Your instructions
Without pictures, output exactly the lines running from the line containing "of the pendant." to the end of the listing below.

────────────────

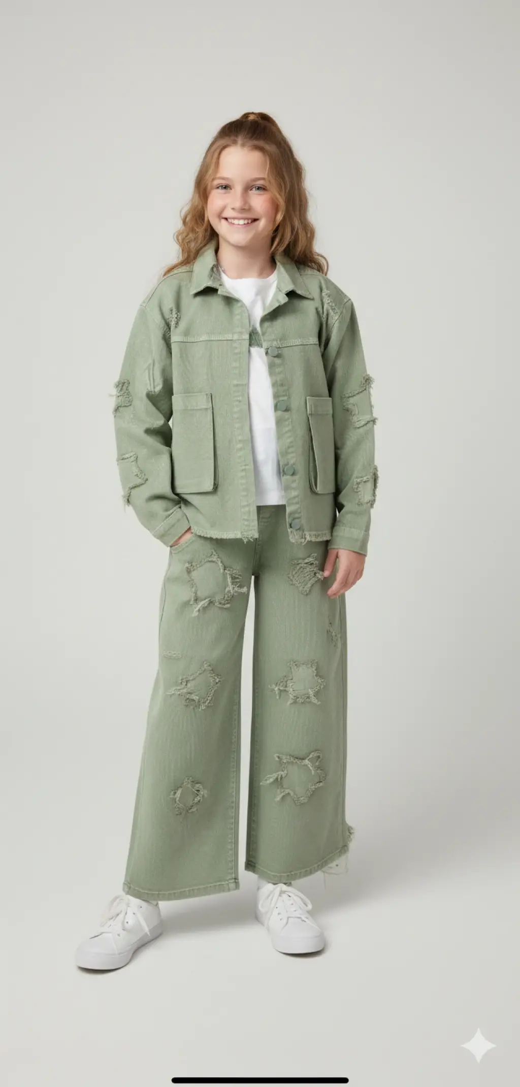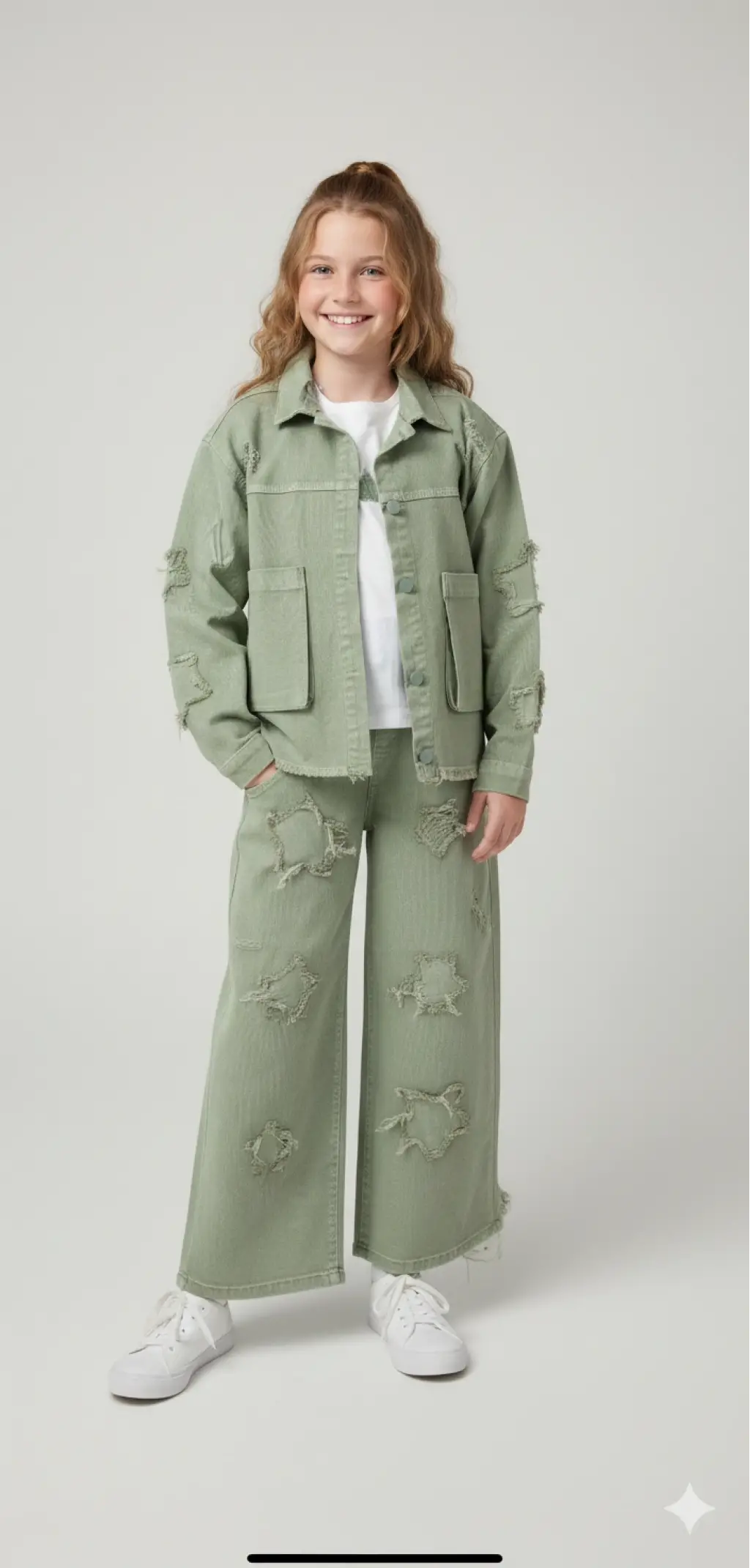 10-13 Yaş Yeşil Düğmeli Ceketli 3lü Takım
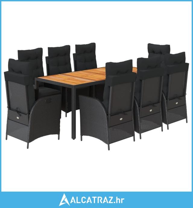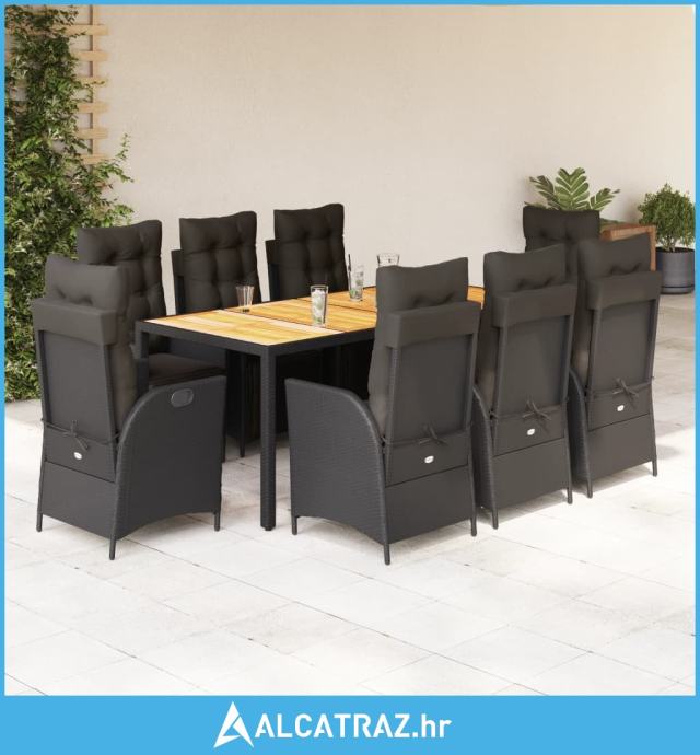 9-dijelni vrtni blagovaonski set s jastucima crni od poliratana - NOVO
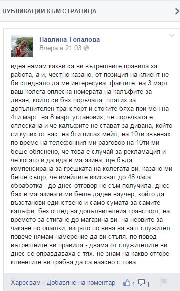 И продължава: "Казано ми беше също, че имейлите изискват до 48 часа обработка - до днес отговор не съм получила. Днес бях в магазина и ми беше даден ваучер, който да възстанови единствено и само сумата за самите калъфи. Без оглед на допълнителния транспорт, на времето за стигане до магазина ви, на нервите за чакане по опашки, изцяло по вина на ваш служител. Повече нямам намерение да ви стъпя. По повод вътрешните ви правила - двама от служителите ви днес се оправдаваха с тях. Не знам на какво отгоре клиентите ви трябва да са наясно с това."
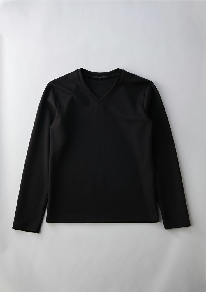 【T210 / DUAL WARM MOIST PONTI L/S V-NECK -BLACK-】
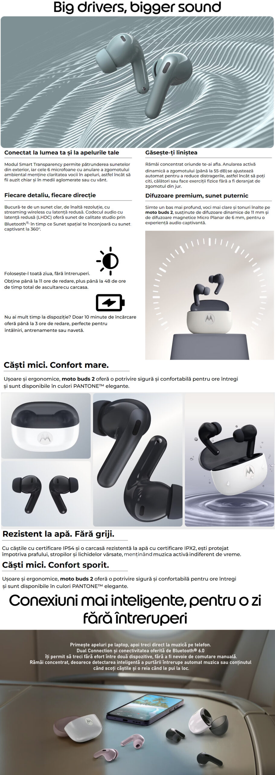 – Moto buds app: redare muzica si apeluri vocale stereo; control tactil; Dual dynamic drivers, certificare audio Hi-Res, EQ Tuning, Asistenta vocala, Fast Pair, CrystalTalk AI
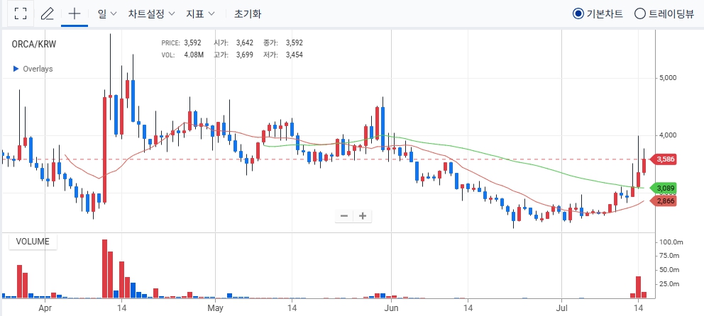 - 가격 흐름: 2025년 7월 15일 기준 ORCA/KRW는 3,592원에 마감했으며, 최근 거래량이 급증하면서 단기 상승세가 뚜렷하게 나타나고 있습니다.
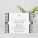Bonito convite batizante rosa e preto. Este batismo moderno e doce, rosa e preto, para bebês, batismo, batizamento, primeira comunhão, confirmação ou outro convite à cerimônia religiosa é facilmente personalizado para o seu evento, simplesmente escolhendo o botão laranja "Personalizar!" para começar a adicionar os detalhes do seu evento, estilo da fonte, tamanho da fonte e cor e texto. Observe que todos os designs de cartas e convites que você encontrará no Zazzle são gráficos impressos sem joias reais, arcos, levantados, gravados em relevo ou peças ou peças adicionadas.
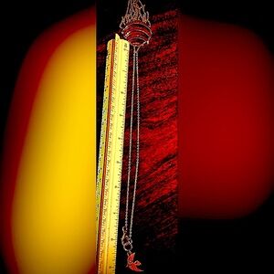 @luria I am adding a photo. The chain has about an 8” drop so a 16” chain that loops through a smaller chain linked to the top of the pendant.
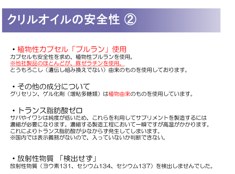 本品のクリルオイルは重金属・有機溶剤・汚染有機物質・放射性物質の検査を実施していますが、いずれも不検出です。
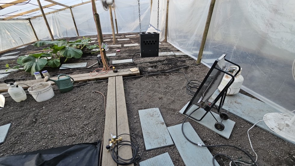 My CO2 generator is an 8 burner model with only 4 burners installed. The other 4 are plugged. I did this hoping I could generate a slow steady amount of CO2 without creating too much heat. It works well but is slow. This morning I installed a space heater which I used last year to make CO2. It can generate 300 to 400 ppm in minutes. Once it gets up to 1200 ppm, it gets turned off and the "real" CO2 generator will maintain.
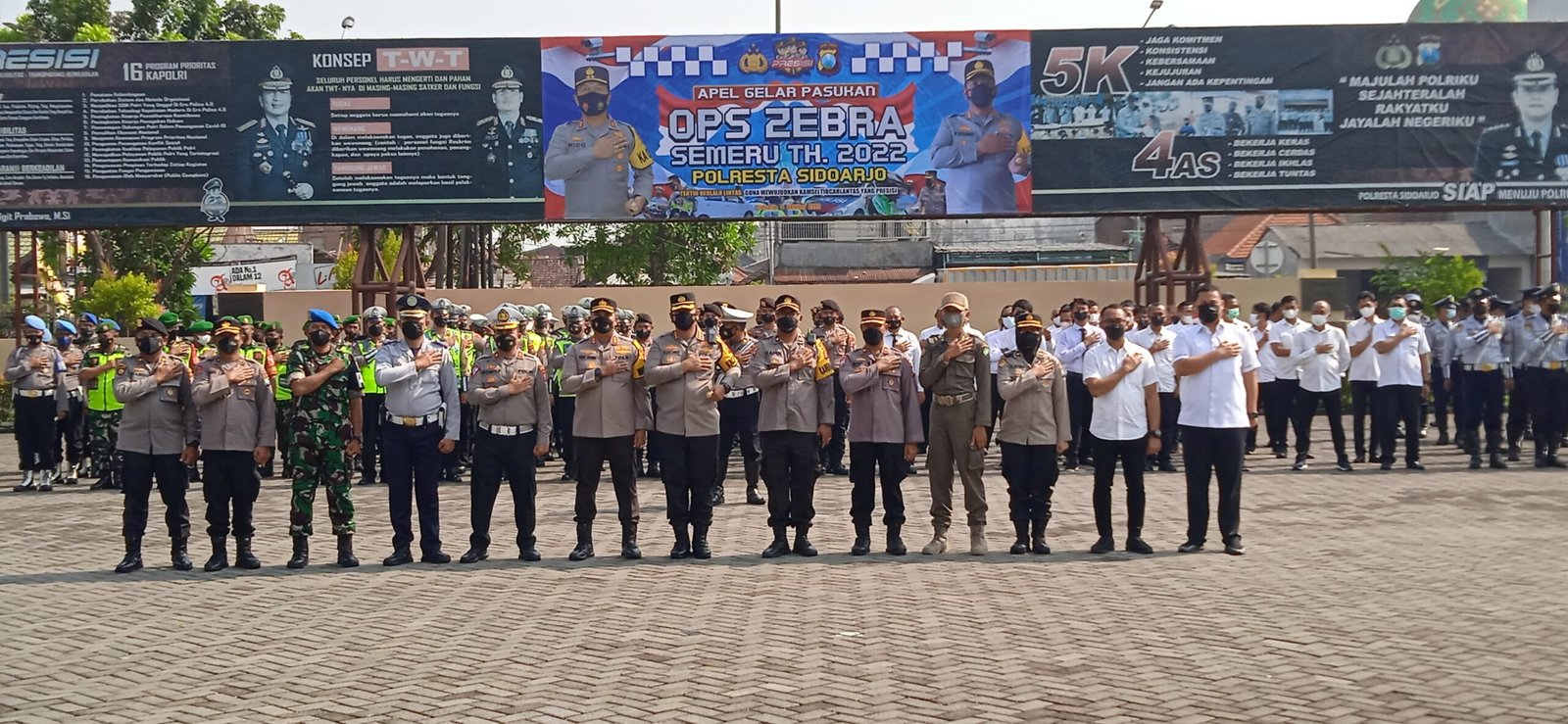Dimulainya Operasi Zebra Semeru 2022 di wilayah Kabupaten Sidoarjo, ditandai dengan apel gelar pasukan yang dipimpin Kapolresta Sidoarjo Kombes Pol. Kusumo Wahyu Bintoro, Senin (3/10/2022) pagi di Mapolresta Sidoarjo. Apel diikuti personel gabungan dari Polresta Sidoarjo, Polsek jajaran, TNI, Dishub dan Satpol PP.
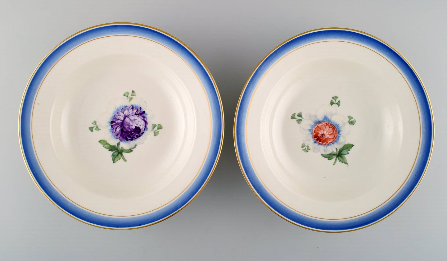 Fem antikke Royal Copenhagen dybe tallerkener i håndmalet porcelæn med blomster og blå kant med guld. Modelnummer 592/9049. Sent 1800-tallet.

────────────────

Reply
 @luria I am adding a photo. The chain has about an 8” drop so a 16” chain that loops through a smaller chain linked to the top of the pendant.
 本品のクリルオイルは重金属・有機溶剤・汚染有機物質・放射性物質の検査を実施していますが、いずれも不検出です。
 My CO2 generator is an 8 burner model with only 4 burners installed. The other 4 are plugged. I did this hoping I could generate a slow steady amount of CO2 without creating too much heat. It works well but is slow. This morning I installed a space heater which I used last year to make CO2. It can generate 300 to 400 ppm in minutes. Once it gets up to 1200 ppm, it gets turned off and the "real" CO2 generator will maintain.
Dimulainya Operasi Zebra Semeru 2022 di wilayah Kabupaten Sidoarjo, ditandai dengan apel gelar pasukan yang dipimpin Kapolresta Sidoarjo Kombes Pol. Kusumo Wahyu Bintoro, Senin (3/10/2022) pagi di Mapolresta Sidoarjo. Apel diikuti personel gabungan dari Polresta Sidoarjo, Polsek jajaran, TNI, Dishub dan Satpol PP.
 Fem antikke Royal Copenhagen dybe tallerkener i håndmalet porcelæn med blomster og blå kant med guld. Modelnummer 592/9049. Sent 1800-tallet.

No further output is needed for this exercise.